(Source records begins)

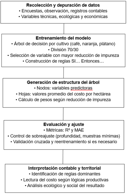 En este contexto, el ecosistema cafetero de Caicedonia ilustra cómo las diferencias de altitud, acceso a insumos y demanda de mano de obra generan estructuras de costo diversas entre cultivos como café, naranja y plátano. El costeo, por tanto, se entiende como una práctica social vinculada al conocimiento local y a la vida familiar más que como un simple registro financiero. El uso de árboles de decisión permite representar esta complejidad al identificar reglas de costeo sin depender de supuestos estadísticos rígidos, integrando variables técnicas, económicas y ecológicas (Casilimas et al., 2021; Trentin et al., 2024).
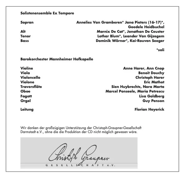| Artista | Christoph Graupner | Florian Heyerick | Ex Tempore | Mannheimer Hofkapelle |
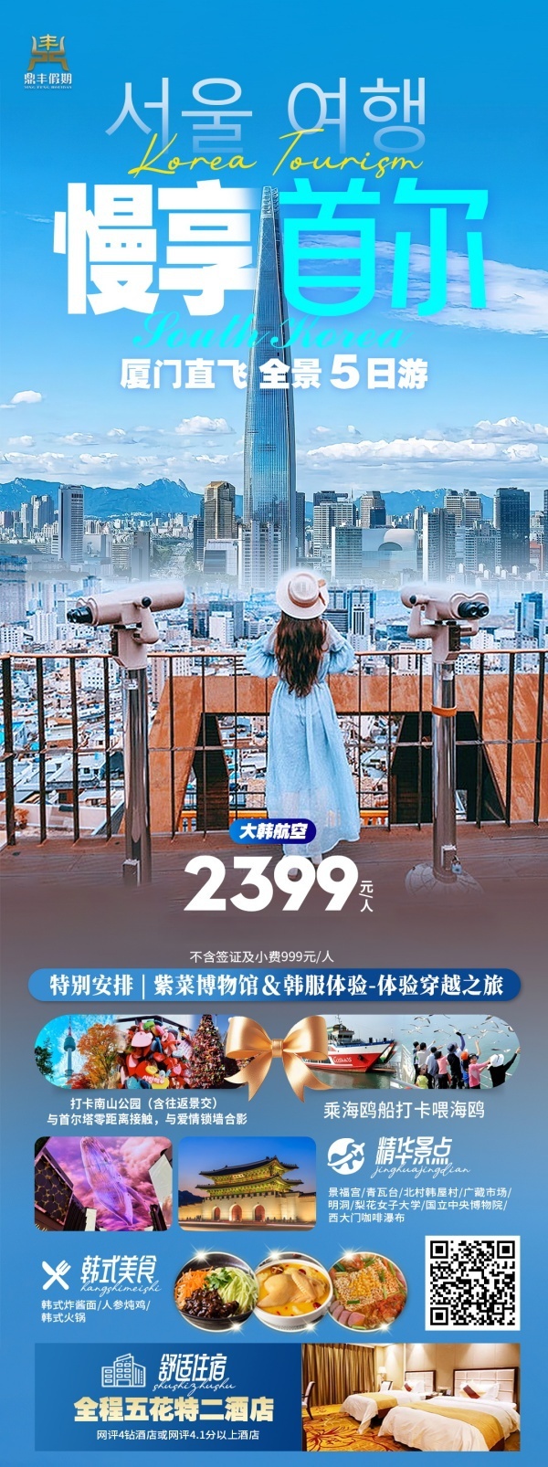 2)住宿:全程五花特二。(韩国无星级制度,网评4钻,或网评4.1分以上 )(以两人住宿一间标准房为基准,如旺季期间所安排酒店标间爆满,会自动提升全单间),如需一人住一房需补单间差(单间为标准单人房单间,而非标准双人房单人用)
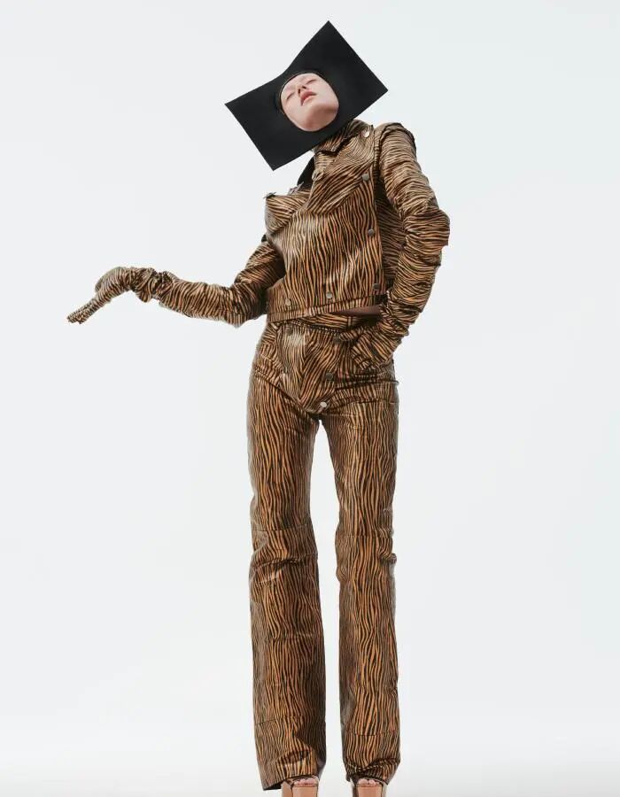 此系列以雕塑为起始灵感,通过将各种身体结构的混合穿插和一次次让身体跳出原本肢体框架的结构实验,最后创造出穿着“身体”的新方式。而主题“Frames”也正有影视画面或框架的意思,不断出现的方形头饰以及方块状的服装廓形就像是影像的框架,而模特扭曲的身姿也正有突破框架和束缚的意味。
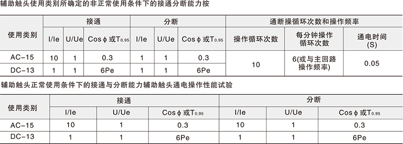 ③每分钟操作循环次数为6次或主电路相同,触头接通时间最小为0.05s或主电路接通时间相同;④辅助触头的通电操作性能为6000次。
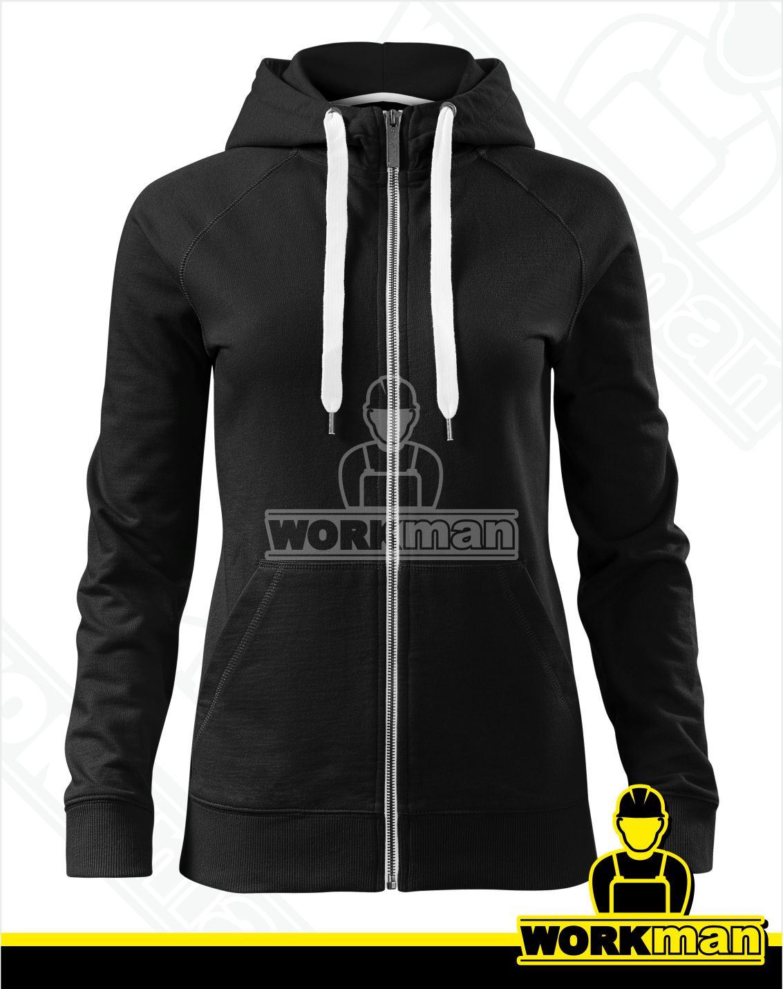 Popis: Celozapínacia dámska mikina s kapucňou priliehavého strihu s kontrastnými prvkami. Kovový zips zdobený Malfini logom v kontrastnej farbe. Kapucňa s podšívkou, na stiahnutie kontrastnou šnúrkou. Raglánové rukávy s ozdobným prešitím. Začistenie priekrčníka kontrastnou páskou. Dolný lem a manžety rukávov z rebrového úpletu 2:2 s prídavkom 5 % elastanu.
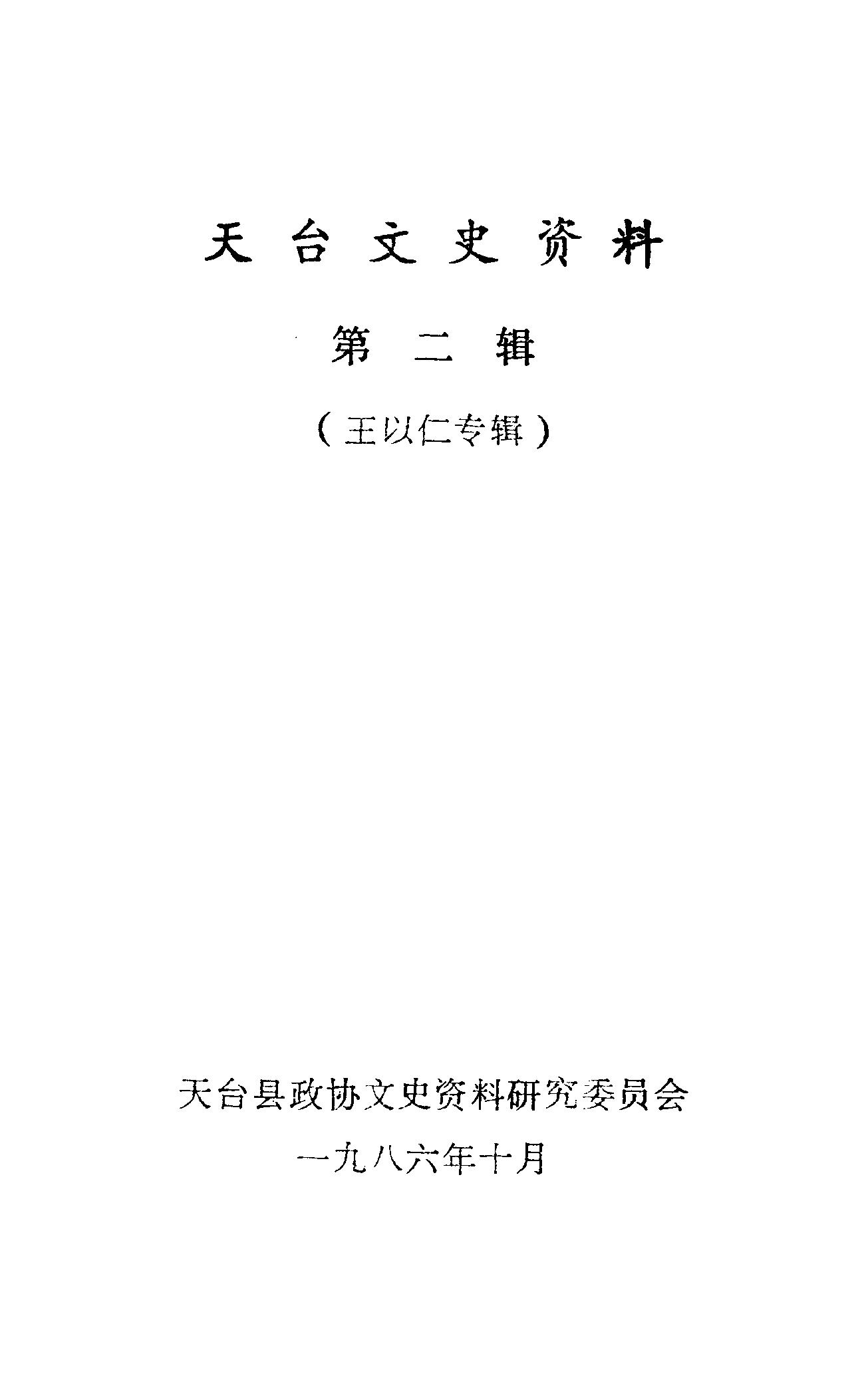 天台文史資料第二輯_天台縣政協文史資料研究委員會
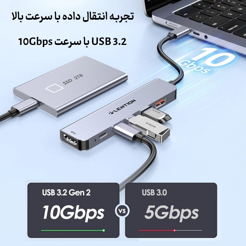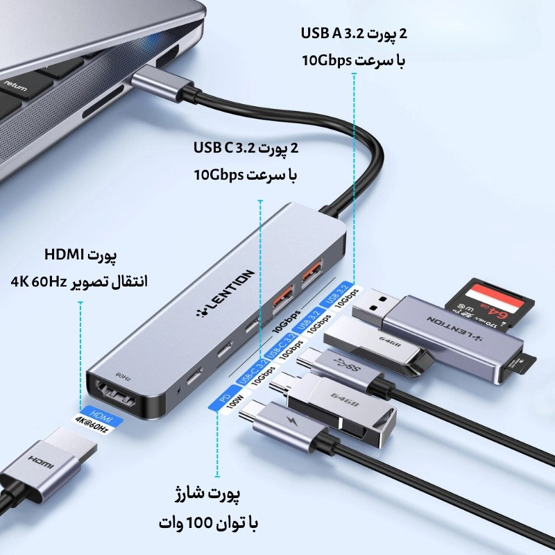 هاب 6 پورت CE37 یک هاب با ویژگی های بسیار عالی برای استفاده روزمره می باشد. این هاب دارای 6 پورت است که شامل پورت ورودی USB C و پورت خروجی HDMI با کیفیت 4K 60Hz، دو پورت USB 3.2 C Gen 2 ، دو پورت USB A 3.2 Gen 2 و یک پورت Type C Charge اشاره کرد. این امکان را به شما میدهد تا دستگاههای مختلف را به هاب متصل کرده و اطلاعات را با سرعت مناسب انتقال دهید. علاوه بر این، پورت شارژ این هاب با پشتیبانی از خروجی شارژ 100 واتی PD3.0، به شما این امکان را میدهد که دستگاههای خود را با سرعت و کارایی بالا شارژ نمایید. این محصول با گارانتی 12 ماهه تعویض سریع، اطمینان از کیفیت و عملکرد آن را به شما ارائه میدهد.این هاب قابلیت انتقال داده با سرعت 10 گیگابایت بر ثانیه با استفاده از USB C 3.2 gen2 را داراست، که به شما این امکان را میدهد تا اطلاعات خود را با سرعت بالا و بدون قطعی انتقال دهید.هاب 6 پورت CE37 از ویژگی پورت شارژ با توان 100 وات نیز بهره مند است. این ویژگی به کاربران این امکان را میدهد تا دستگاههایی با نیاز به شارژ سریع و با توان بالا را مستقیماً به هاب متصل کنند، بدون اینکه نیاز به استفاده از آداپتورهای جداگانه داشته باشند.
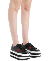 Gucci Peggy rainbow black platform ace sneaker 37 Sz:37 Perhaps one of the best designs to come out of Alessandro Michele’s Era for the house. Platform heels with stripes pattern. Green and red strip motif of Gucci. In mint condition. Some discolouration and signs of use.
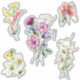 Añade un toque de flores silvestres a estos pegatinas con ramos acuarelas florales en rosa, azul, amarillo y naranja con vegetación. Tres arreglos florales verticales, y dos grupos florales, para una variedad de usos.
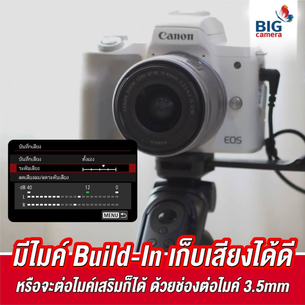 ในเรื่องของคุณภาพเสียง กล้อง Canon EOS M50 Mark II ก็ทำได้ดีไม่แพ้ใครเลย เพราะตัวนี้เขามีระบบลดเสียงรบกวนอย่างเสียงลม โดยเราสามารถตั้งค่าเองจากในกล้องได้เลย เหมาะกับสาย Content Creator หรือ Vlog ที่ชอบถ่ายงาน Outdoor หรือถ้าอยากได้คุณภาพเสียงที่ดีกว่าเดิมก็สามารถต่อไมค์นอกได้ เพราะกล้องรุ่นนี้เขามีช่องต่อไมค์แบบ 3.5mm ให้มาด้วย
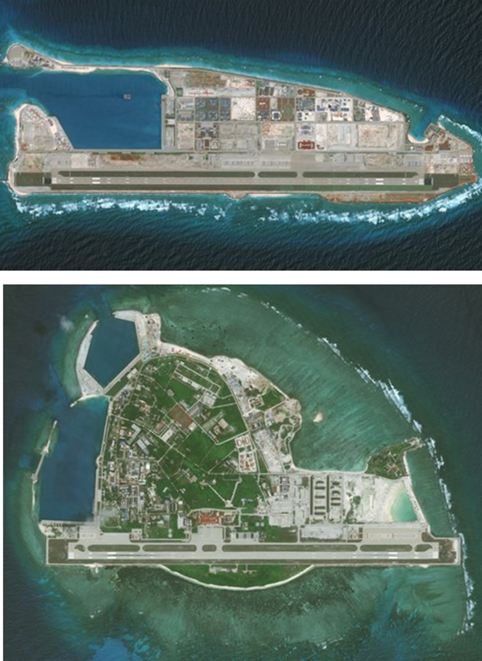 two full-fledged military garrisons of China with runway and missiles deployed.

(Source records ends)

• [Work to complete] Reproduce exactly the lines above starting at the line containing "③每分钟操作循环次数为6次或" and ending at the line containing "天台文史資料第二輯_天台縣政協文史資料研究委員會", including both, but not the pictures.

• [Result]
 ③每分钟操作循环次数为6次或主电路相同,触头接通时间最小为0.05s或主电路接通时间相同;④辅助触头的通电操作性能为6000次。
 Popis: Celozapínacia dámska mikina s kapucňou priliehavého strihu s kontrastnými prvkami. Kovový zips zdobený Malfini logom v kontrastnej farbe. Kapucňa s podšívkou, na stiahnutie kontrastnou šnúrkou. Raglánové rukávy s ozdobným prešitím. Začistenie priekrčníka kontrastnou páskou. Dolný lem a manžety rukávov z rebrového úpletu 2:2 s prídavkom 5 % elastanu.
 天台文史資料第二輯_天台縣政協文史資料研究委員會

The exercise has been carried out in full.